Canal+ gives MultiChoice €100 million lifeline as DStv subscribers decline.
  • Canal+ has a announced a €100 million growth plan to revive MultiChoice amid subscriber decline
  • The French media plans to hire 1,000+ sales staff across Africa to drive subscriber growth
  • MultiChoice had shut down in 2025 with 14.4 million subscribers, down from 14.9 million the previous year citing currency devaluation in Nigeria, power cuts, Showmax failure, and content inflation

French media giant Canal+ has announced a €100 million plan to revive growth at African pay-TV operator MultiChoice Group, the company behind DStv and GOtv.

Canal+, which completed its acquisition of MultiChoice late last year, revealed the lifeline in its 2025 financial results released on Wednesday, March 11.

According to the report, MultiChoice experienced a significant decline in both subscribers and revenue in 2025, largely due to challenging operating environments in key markets, including Nigeria. 

The company ended 2025 with 14.4 million subscribers, down from 14.9 million a year earlier.

Revenue also dropped 6% to €2.4 billion, while adjusted earnings before interest and tax fell 14% to €159 million.

“After experiencing impressive growth from 2010 to 2023, MultiChoice has faced challenges since the combined effects of macro-economic factors (e.g., currency devaluation in Nigeria, power cuts), a difficult transition to OTT with the expensive failure of Showmax, and strong inflation across most cost items, especially content, negatively impacted its profitability,” the company stated.

The report noted that short-term measures, including reducing subscriber acquisition subsidies and increasing prices, had been implemented to address the situation. 

However, these actions negatively impacted the subscriber base, compounding existing profitability issues.

“MultiChoice is facing a €140 million negative impact in 2026 from inertia of subscriber base driving decrease in revenues, and from cost inflation. To restart subscriber growth, CANAL+ will launch a growth boost plan by investing around €100 million,” the company said.

As part of this growth push, Canal+ intends to hire more than 1,000 sales staff across African markets, shifting MultiChoice towards a more sales-driven approach to attract new subscribers.

This development follows Canal+’s full acquisition of MultiChoice, a deal valued at about $3 billion and finalized in September last year, significantly expanding the French broadcaster’s global pay-TV presence.

The combined group now serves over 40 million subscribers across nearly 70 countries spanning Africa, Europe, and Asia, employing roughly 17,000 people.

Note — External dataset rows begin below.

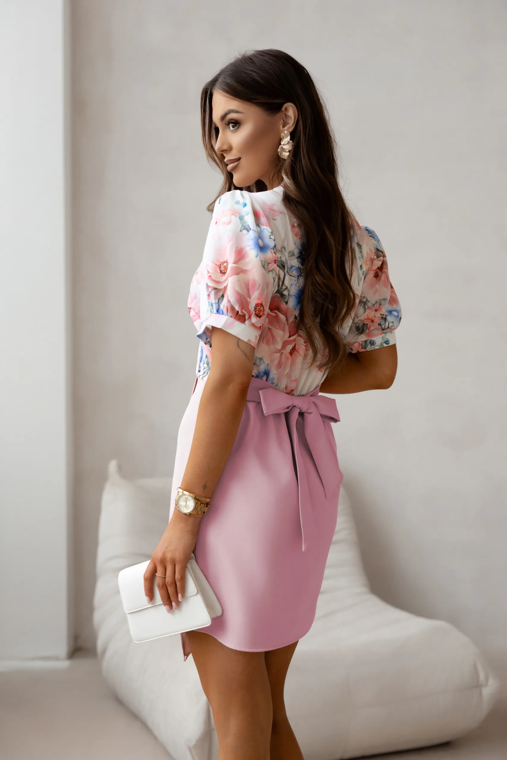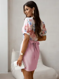 Sukienka BLOOM to idealna propozycja dla kobiet ceniących styl i wygodę. Wykonana z lekkiego, przyjemnego w dotyku materiału, świetnie sprawdzi się na wiosnę i lato. Kopertowy krój z dekoltem w kształcie litery V pięknie podkreśla sylwetkę, a przyszyty pasek wiązany w talii modeluje figurę i dodaje kobiecego uroku. Bufiaste rękawy oraz romantyczny kwiatowy wzór w odcieniach różu nadają sukience lekkości i świeżości. Długość przed kolano sprawia, że stylizacja wygląda nowocześnie i z klasą. Sukienka idealnie sprawdzi się na różne okazje – od wesel i komunii, po randki i spotkania ze znajomymi. Model BLOOM to must-have w każdej garderobie – łączy wygodę z eleganckim wyglądem i daje wiele możliwości stylizacji. Wystarczy dodać szpilki lub sandały, by stworzyć kompletny look na każdą okazję.
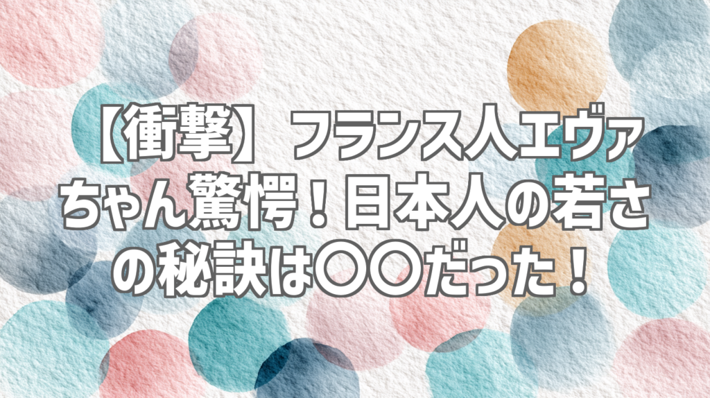 【衝撃】フランス人エヴァちゃん驚愕!日本人の若さの秘訣は〇〇だった!
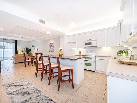 LOCATION! LOCATION! LOCATION! This beautifully maintained townhouse is perfectly situated just steps from the community heated swimming pool, spa, 24-hour fitness, clubhouse, and business center—everything you need right at your doorstep for resort style living! Located in a secure, gated community and move-in ready, this spacious 3-bedroom, 2.5-bath home offers both comfort and convenience in every detail. The large, bright kitchen features ample cabinetry, a newer granite island, and a double oven—ideal for everyday meals and effortless entertaining. Adjacent to the kitchen, the expansive dining room boasts an elegant tray ceiling and recessed lighting, creating a modern, upscale ambiance. The generously sized living room offers plenty of space for relaxing or hosting guests. Sliding glass doors lead to a screened-in patio—perfect for enjoying beautiful Florida days in comfort and style. Upstairs, the desirable split floor plan places the primary bedroom on one end for added privacy, with the second and third bedrooms located on the opposite side. One of the secondary bedrooms can easily be converted into a home office, making it perfect for today’s work-from-home lifestyle. The spacious primary suite includes a walk-in closet and a private ensuite with a tub/shower combination, granite countertop, and ample storage. The guest bathroom features a walk-in shower, granite countertops, and generous storage as well. All bathrooms are finished with granite countertops, adding a sleek, modern touch throughout. The first floor is finished with tile for easy maintenance, while the upstairs bathrooms also feature tile flooring, and the bedrooms are carpeted for added comfort. The home has a new AC unit (2024). Entire house painted (2024). A prime location just moments from Disney World, Silver Spur Arena and other major attractions, shopping and entertainment. Don’t miss this ideal combination of space, amenities, and location—schedule your private showing today!

Canal+ also indicated that it would outline a detailed integration strategy, including operational synergies and growth plans, during a strategic update scheduled for the first quarter of 2026.

TheRadar earlier reported that Canal+ plans to discontinue Showmax, the streaming platform previously operated by MultiChoice, as part of broader cost-cutting measures.

Launched in August 2015 as a pan-African streaming service to compete with Netflix, Apple TV+, Amazon Prime Video, and Disney+, Showmax struggled to achieve profitability. In MultiChoice’s last financial results before the Canal+ takeover, trading losses from the platform had expanded by 88%, while revenue from the service declined.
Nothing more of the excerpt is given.